Brandy H. M. Brooks: Brandy is an activist, educator, facilitator, and designer who has spent more than 12 years working on social and environmental justice. Her areas of focus include community organizing and power-building; community-based design and land use planning; and food justice and food sovereignty.  She was the founding executive director of the Community Design Resource Center of Boston and has worked in senior management roles with The Food Project, Boston Collaborative for Food and Fitness, and Dreaming Out Loud. Brandy holds a Bachelor of Design Studies from the Boston Architectural College and a Master in Public Administration from Suffolk University. She is also an Environmental Leadership Program Senior Fellow and a 2016 New Economy Maryland Fellow.

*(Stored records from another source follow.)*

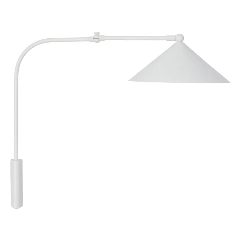 Kasa Wandleuchte von OYOY hat einen verstellbaren Arm und einen Lampenschirm, der nach Bedarf gekippt werden kann. Die Kasa Wandleuchte ist perfekt als Leselampe neben dem Sofa oder Bett.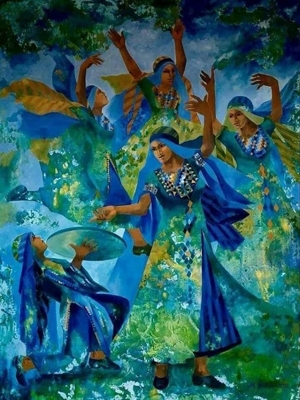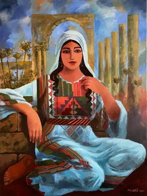 يحتفي الفنان الفلسطيني ماهر ناجي بالمكان ورموزه، بعلاقة الفلسطيني بأرضه، بمقاومته.. بالخصب المتجددة مع المواسم كتعبير عميق عن الفلسطيني الذي ينبت من أرضه كسنابل القمح، بالمرأة.. لكن المرأة في لوحات ناجي تحولت إلى رمز عميق الدلالة.. إنها البطولة بكل صورها.. في هيئتها، ألوانها، ثيابها.. حضورها الذي يصور الحضور الفلسطيني الطاغي على مدى قرن من زمن المعاناة والاحتلال.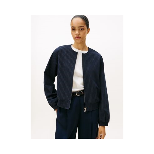 Tommy Hilfiger women's jacket. Our flattering bomber is made from a stretchy, midweight blend with a soft, smooth feel. This versatile piece features side welt pockets, a shirred hem and a collarless neckline for a clean finish.
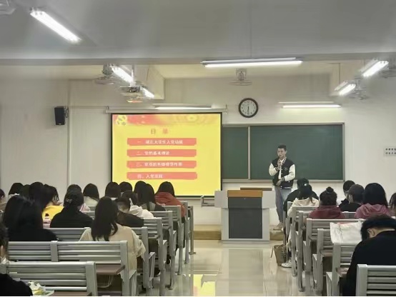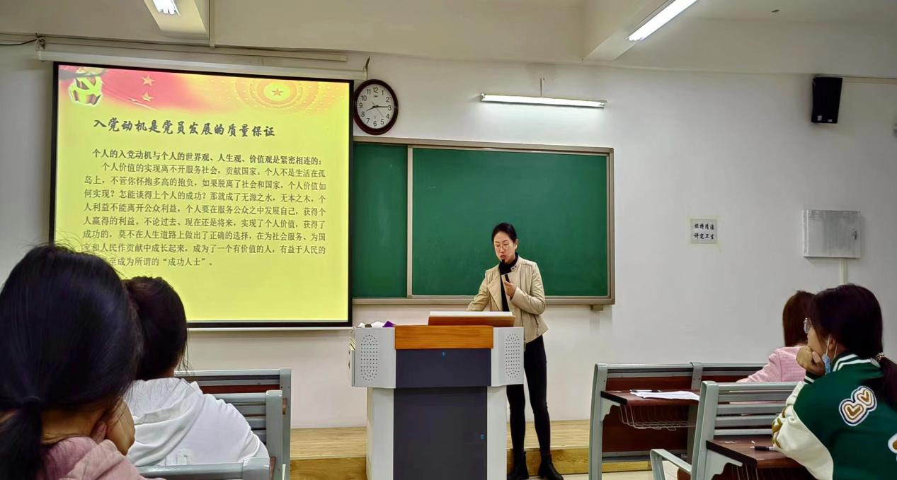 会议上,辅导员充分肯定了同学们积极向党组织靠拢的美好愿望。指出:青年学生的前途在于党的正确领导,青年学生的成长离不开党的培养,争取入党有利于青年学生全面发展。集体谈话会上老师们通过PPT向同学们介绍党的基本知识、基本理论以及大学生党员的质量标准、加入党组织的必要途径和流程等,并就“大学生怎样争取实现入党愿望”提出了明确的建议。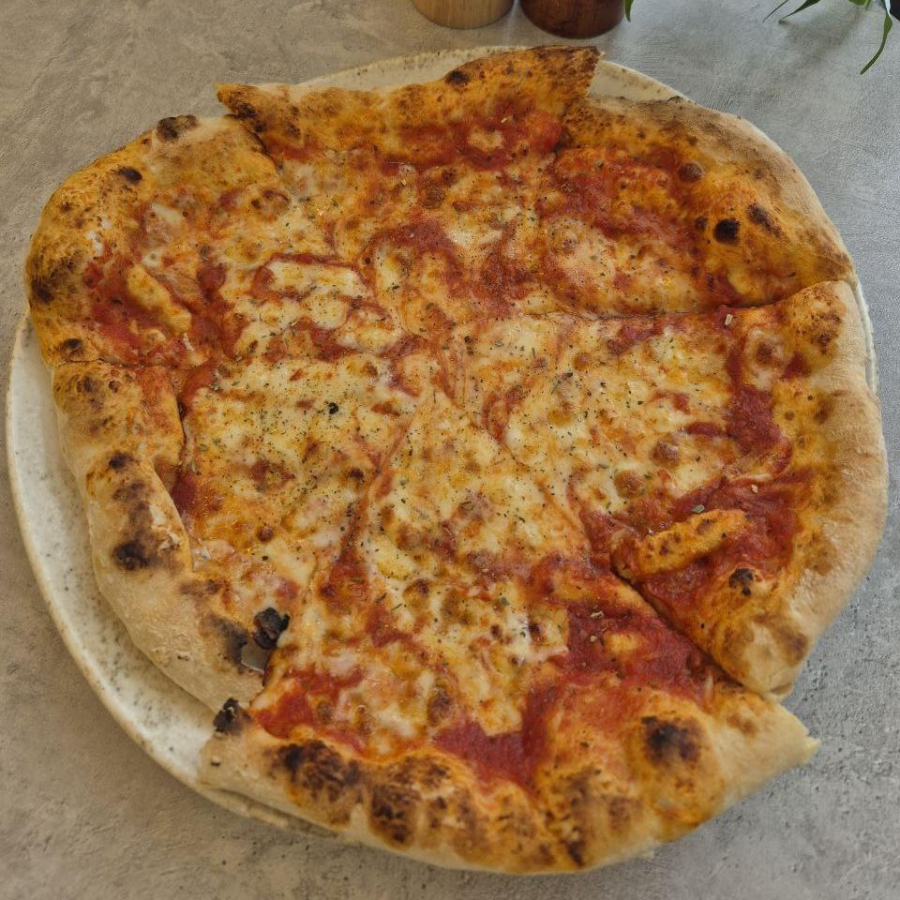 Тесто для пиццы, томатный соус, моцарелла, пепперони, чоризо, колбаски охотничьи, оливки, чили.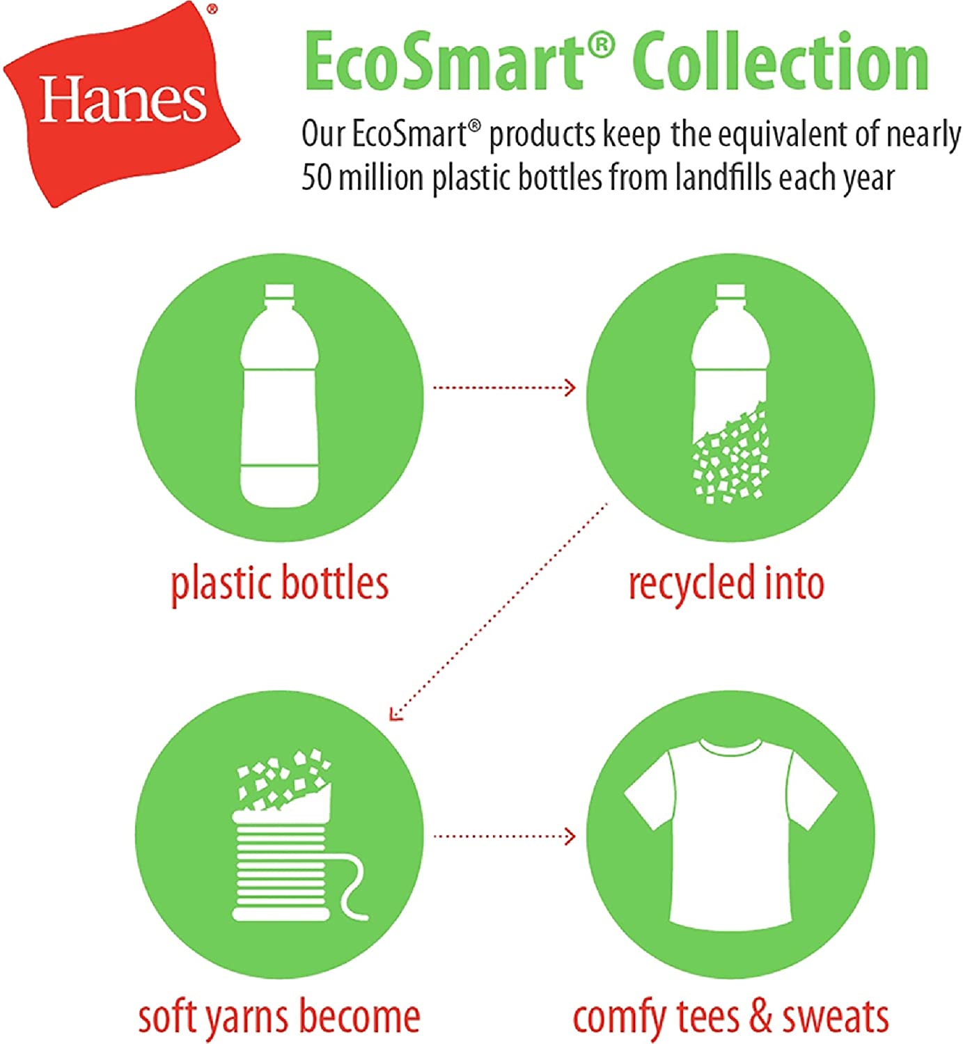 The Hanes Comfort Blend Eco-Smart full-zip hooded jacket provides medium weight fleece comfort all year around. Feel better in this sweatshirt because Hanes keeps plastic bottles of landfills by using recycled polyester.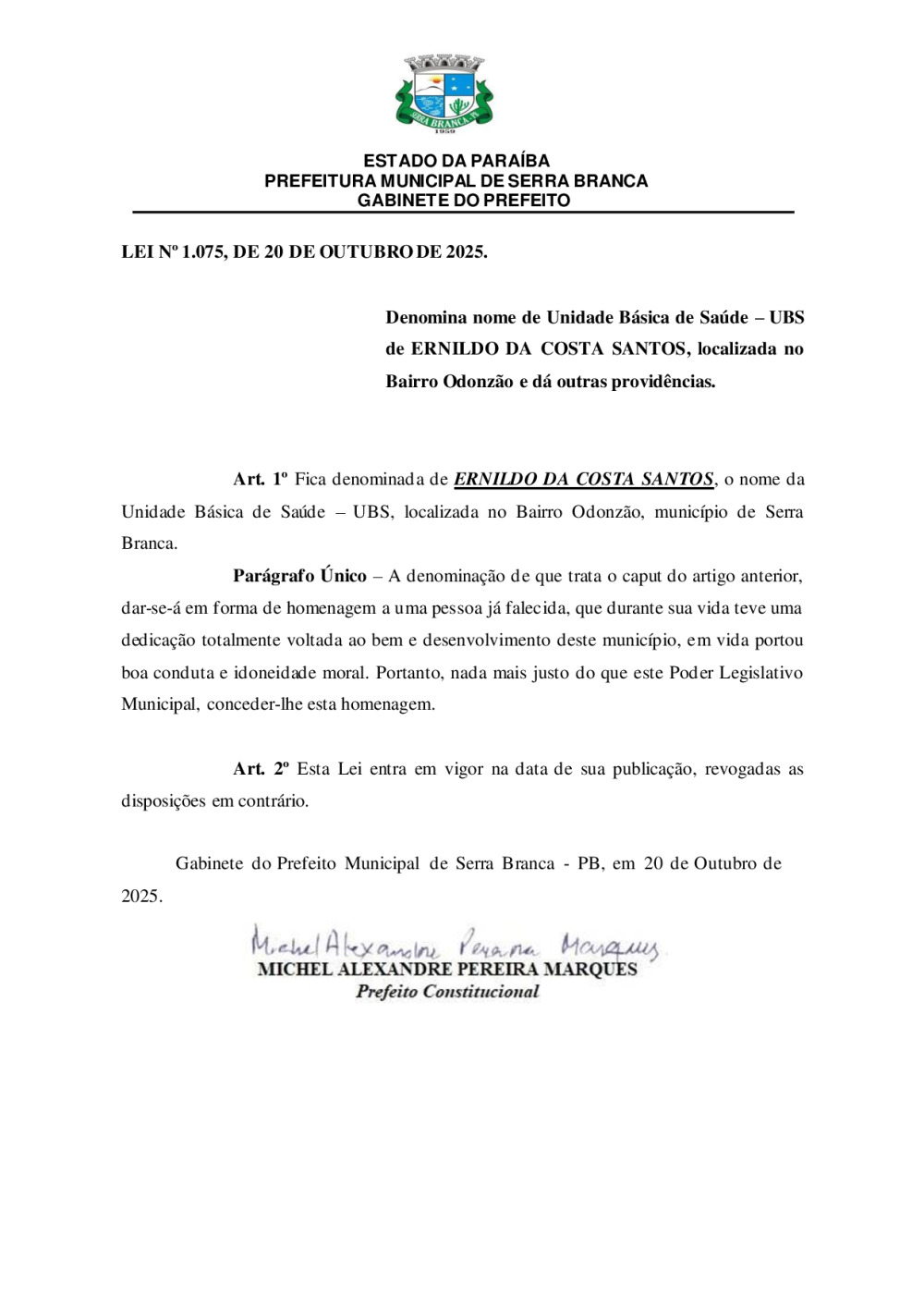 LEI Nº 1075/2025 - DENOMINA NOME DE UNIDADE BÁSICA DE SAÚDE – UBS DE ERNILDO DA COSTA SANTOS, LOCALIZADA NO BAIRRO ODONZÃO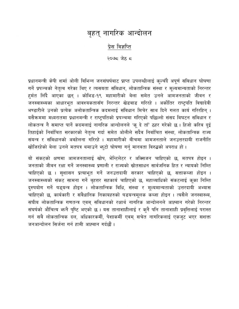 काठमाडौं : ‘वृहत नागरिक आन्दोलन’ले महामारीको बीचमा आमजनताले जनउत्तरदायी राजनीति खोजिरहेको बेला मतपत्र थमाउने झुटो घोषणा गर्नु मानवता विरुद्धको अपराध भएको बताएको छ। ‘वृहत नागरिक आन्दोलन’ले विज्ञप्ति जारी गर्दै मध्यरातमा प्रधानमन्त्री केपी ओली र राष्ट्रपति विद्यादेवी भण्डारीको संसद विघटन, संविधान र लोकतन्त्र नै समाप्त पार्ने कदमलाई ‘कू दे ताँ’ ठहर गरेको बताएको छ।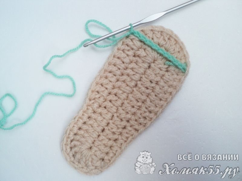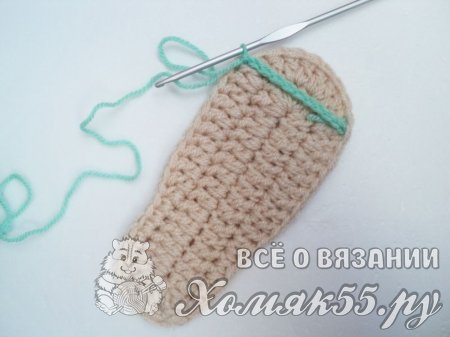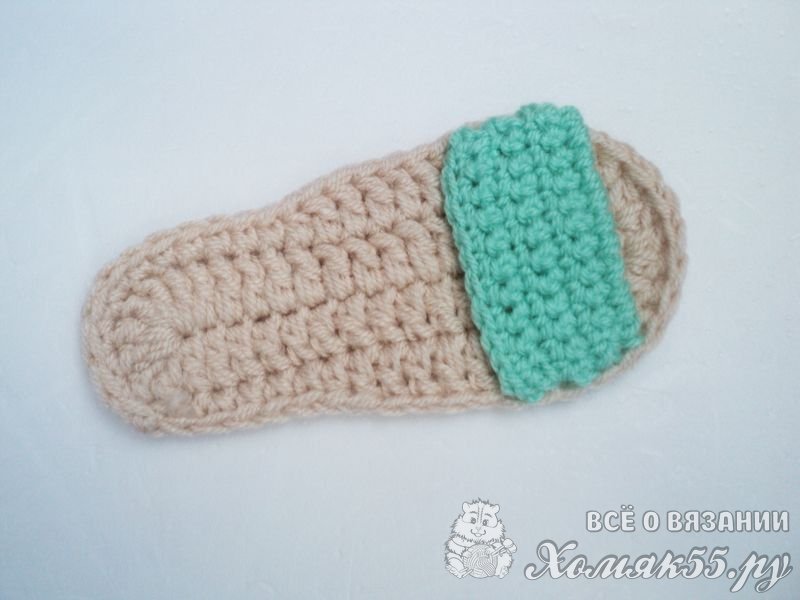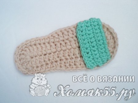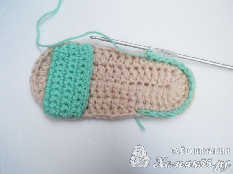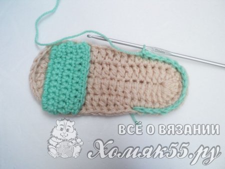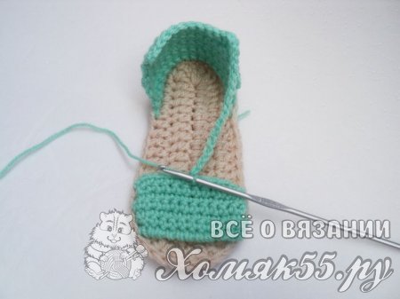 Поворачиваем сандалик пяточкой к себе и находим центральную петлю. Теперь отсчитываем по 8 петель в обе стороны и помечаем их. Присоединяемся мятной нитью и провязываем эти 17 петель между петлями подошвы, выполняя по 1 столбику без накида.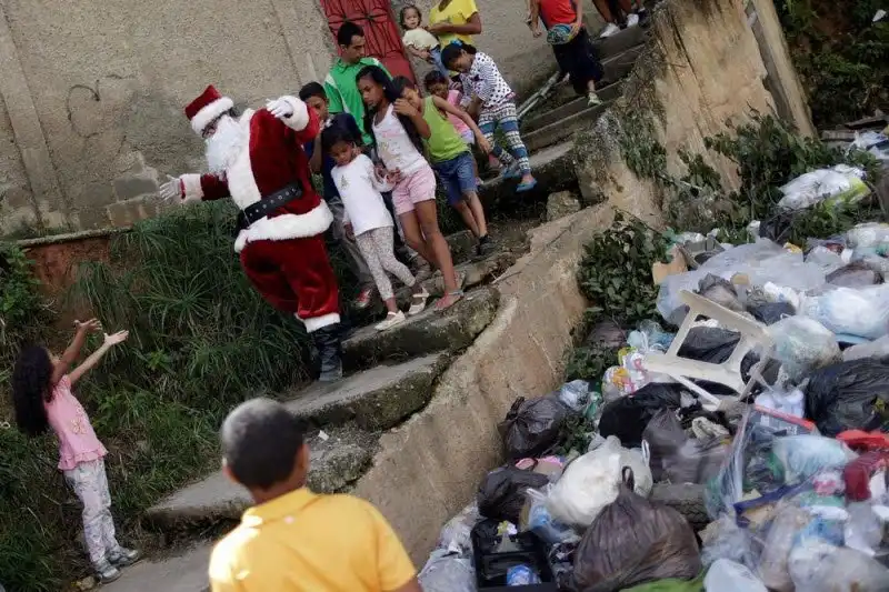 Сейчас в Венесуэле очень тяжелая экономическая ситуация, но дети остаются детьми и ждут Рождественское чудо. Они пишут письма Санта-Клаусу и хотят получить подарок. 11 декабря Санта-Клаус посетил жителей трущоб Петаре в Каракасе и подарил им немного Рождественского настроения.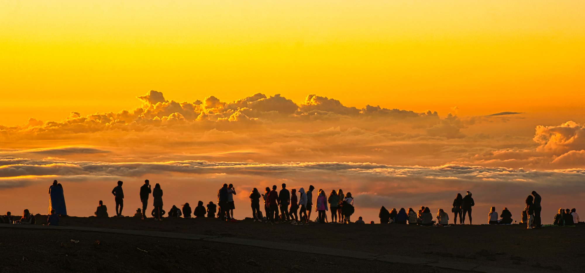 Wir waren ganz oben und konnten so den Menschen zuschauen, wie sie aufgereiht auf dem Kraterrand standen, bewaffnet mit Handys, Ferngläsern oder Fotoapparaten und der untergehenden Sonne huldigten. Hätten sie sich an die Hände gefasst, es wäre eine Menschenkette um den halben Kraterrand entstanden.
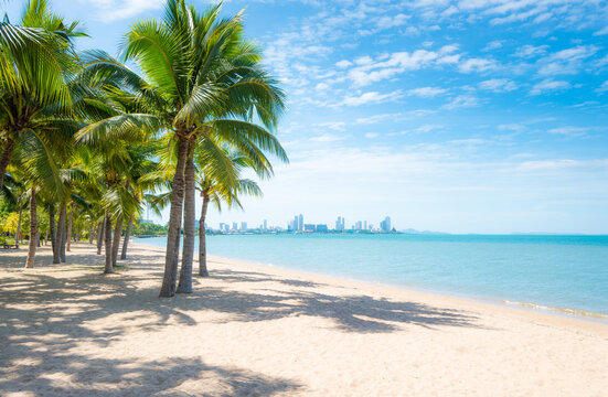 summer at pattaya beach On a hot day and in the shade of the coconut trees.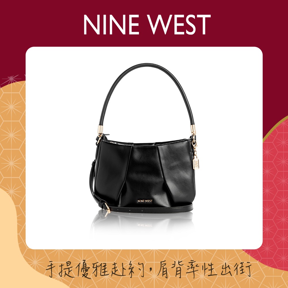 【NINE WEST】真皮肩背托特兩用包-黑色(1811)

Ingabire Adam:  Ingabire was born in Congo, raised in Kenya, and moved to the United States in 2014. She is  currently a senior at Emerson School of Hospitality in Buffalo New York. She became interested in the environment and the importance of the food we eat and how it’s grown through a summer job at Massachusetts Avenue Project (MAP). MAP is a non-profit organization working to provide healthy, affordable food in Buffalo to places that don’t have many options. She is excited to find ways to get friends and family to see they are a part of the environment and recognize how nature can help them in so many ways and how they can help nature back.